Considering that the c.67delG mutation of FANCC, which is able to restore the mitochondrial function,[6] is associated with mild clinical phenotypes,[9,30] we evaluated whether we could reach the same conclusion in our cohort of 11 patients. The mean age (8.9 years) at diagnosis was higher than that reported in the FA Italian cohort (6.8 years).[8] Nine of them had concordant mild/moderate hematologic and somatic phenotypes. Regarding malformations, 4, 6, and one patients were classified as mild, moderate and severe, respectively, and percentages [0.36 vs. 0.43 (mild), 0.55 vs. 0.37 (moderate), and 0.09 vs. 0.20 (severe)] are not significantly different from those of the entire Italian cohort, although only in one case were the congenital malformations severe. For the hematologic features, 3 (0.30), 6 (0.50) and 2 (0.20) of patients received mild, moderate and severe scores, respectively, compared with 16% (mild), 27% (moderate), and 49% (severe) of the FA Italian population, suggesting that the missense mutations at residues His913 and Arg951 are associated with better hematologic prognosis.[8]

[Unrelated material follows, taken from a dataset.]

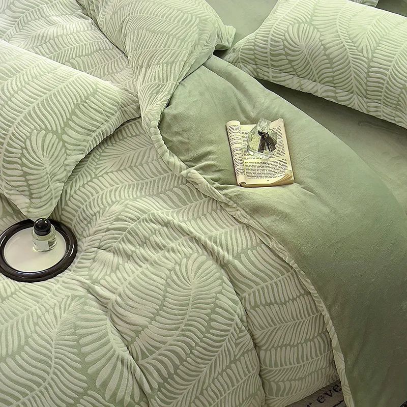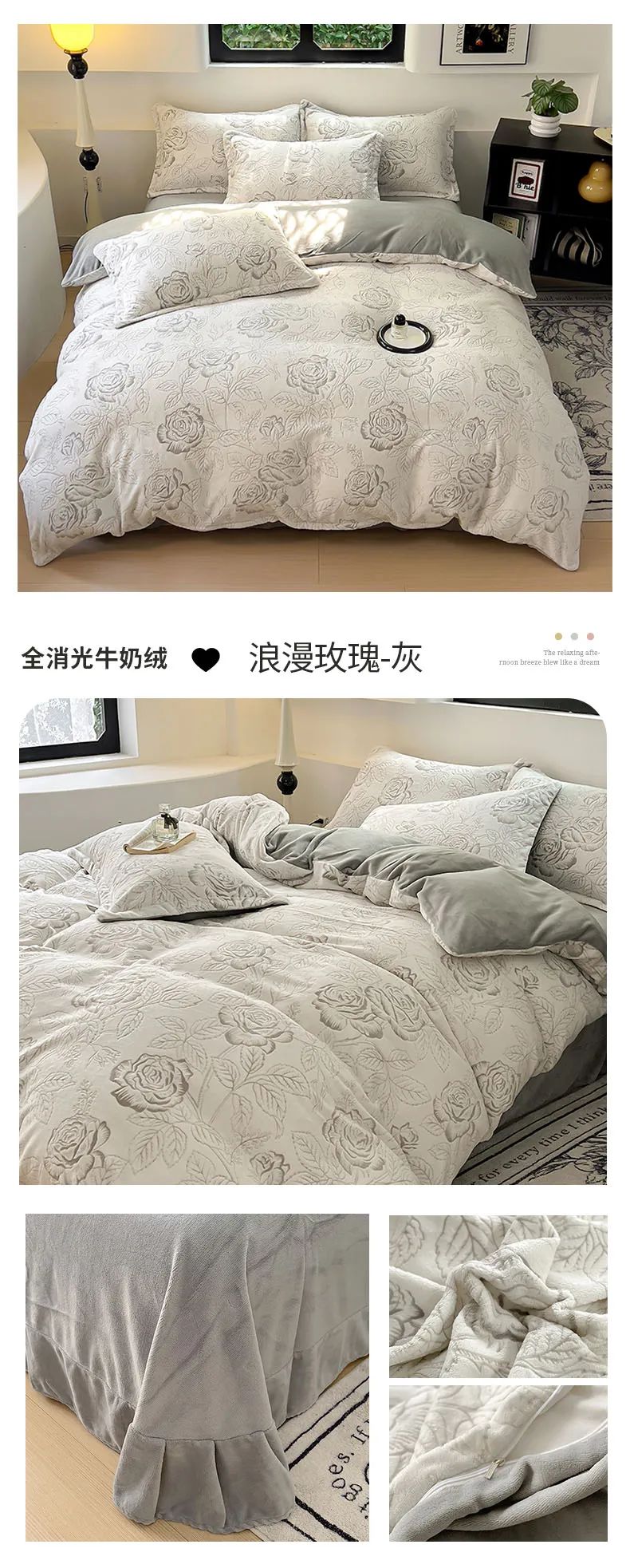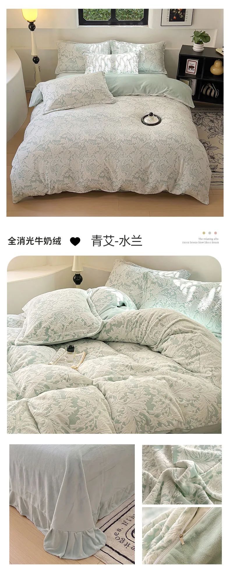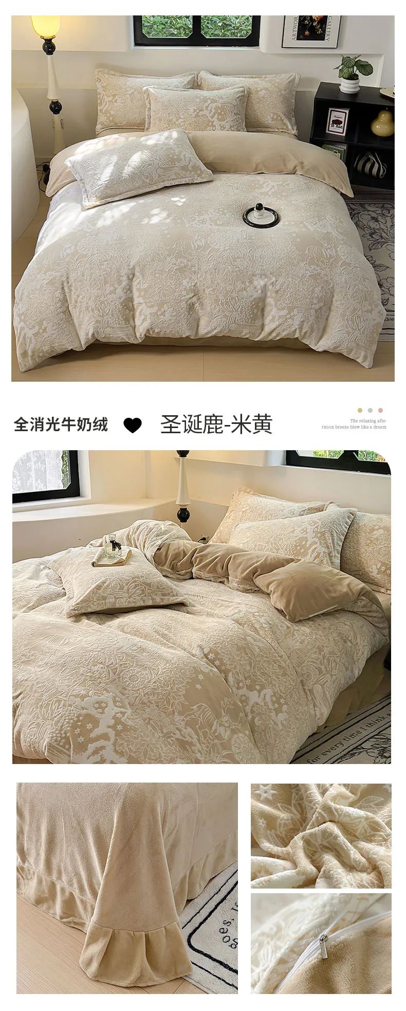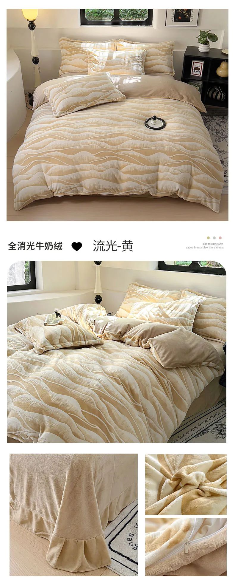 所以牛奶绒四件套在面料中植入柔软的导电丝,能很好预防静电,让睡眠更舒适~而且这款是可以机洗的,做工有保证,活性印染不易褪色、起球、掉毛~更不会缩水变小,一分价钱一分货,洗的次数再多还能像新的一样~179元到手,堪比千元品质!这个冬天的正确打开方式—【高克重雕花牛奶绒四件套】给大家强烈推荐当然不仅仅是品质,还有它的颜值也是小编沦陷原因之一!

Two patients had severe hematologic score and underwent HSCT (together with another 6 affected individuals). However, HSCT per se should not be regarded as a marker of hematologic severity. Indeed, despite their moderate hematologic condition, 2 patients took advantage of having a suitable healthy matched sibling donor, which is known to provide the best outcome.[31] Another 4 underwent familiar or matched unrelated donor HSCT even more than ten years after the first abnormal blood count, when cytopenia dropped from mild/moderate to severe. They are alive and well at 3–7 years after HSCT, except for F9 and F8 who died for cytomegalovirus infection after HSCT and relapse after two HSCT, respectively. Three probands (F2, F6, and F7) with mild hematologic score did not undergo HSCT and their hematologic condition appears to be stable even 11 years (F7) after diagnosis.

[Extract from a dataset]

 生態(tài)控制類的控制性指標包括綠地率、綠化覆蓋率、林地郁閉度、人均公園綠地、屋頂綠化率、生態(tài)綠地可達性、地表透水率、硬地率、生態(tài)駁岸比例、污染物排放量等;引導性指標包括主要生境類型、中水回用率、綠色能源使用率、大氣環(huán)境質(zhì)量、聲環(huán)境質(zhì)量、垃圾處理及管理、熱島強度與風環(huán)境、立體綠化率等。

Taken together, these data suggest that FA individuals carrying the p.His913Pro and p.Arg951Gln/Trp mutations at one or both the FANCA alleles have a relatively mild phenotype. This conclusion is consistent with data of Faivre et al.,[9] showing that patients with altered FANCA protein have milder phenotypes than those with a complete loss of FANCA. However, the clinical phenotype depends on many factors, including different genetic and environmental factors, preventing us from confirming any clear correlations. Although FA affected individuals carrying the same disease-causing mutation (even among siblings) could have different outcomes, the 3 patients homozygous for p.His913Pro have mild/moderate clinical phenotype. Of note, our cohort numbers were limited, as the number of cases studied is relatively low. In order to assign statistical significance to the correlation, we should explore whether other FA mutations are hypomorphic for the mitochondrial activity and eventually correlate this with mild clinical outcome.

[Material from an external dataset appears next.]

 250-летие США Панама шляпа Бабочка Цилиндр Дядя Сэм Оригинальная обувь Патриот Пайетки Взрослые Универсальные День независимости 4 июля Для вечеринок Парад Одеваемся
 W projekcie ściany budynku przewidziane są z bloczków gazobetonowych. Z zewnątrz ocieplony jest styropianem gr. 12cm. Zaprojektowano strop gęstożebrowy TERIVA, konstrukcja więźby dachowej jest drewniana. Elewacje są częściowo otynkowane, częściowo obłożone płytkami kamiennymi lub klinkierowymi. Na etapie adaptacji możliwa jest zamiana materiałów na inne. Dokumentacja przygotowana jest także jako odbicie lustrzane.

Finally, another factor that could modulate the clinical phenotype in FA is the occurrence of hematopoietic mosaicism, in which cells have lost mitomycin C sensitivity due to back mutations or other genetic mechanisms, as it occurs in almost 20% of cases.[32] In consideration of this, F2 and F11 are 2 individuals with potential hematopoietic mosaicism, since one of the two FA mutations was reverted to wild-type allele in their LFB cell lines.[13] However, none of them were further investigated, preventing us from ascertaining whether and to what extent the mosaicism was present in the bone marrow and blood cells.

In conclusion, at least for the mitochondrial activity, p.His913Pro and p.Arg951Gln/Trp are hypomorphic mutations, which are associated with a mild/moderate phenotype characterized by late onset of the disease and slow hematologic progression. Since the hematopoietic stem cells are relatively sensitive to their redox status,[33] a residual activity of mitochondria in cells expressing these, and maybe other missense mutations, could help patients avoid experiencing worsening cytopenia and postponing their eligibility for HSCT. Therefore, we should explore whether other FA mutations with hypomorphic effect could explain the clinical variability in FA.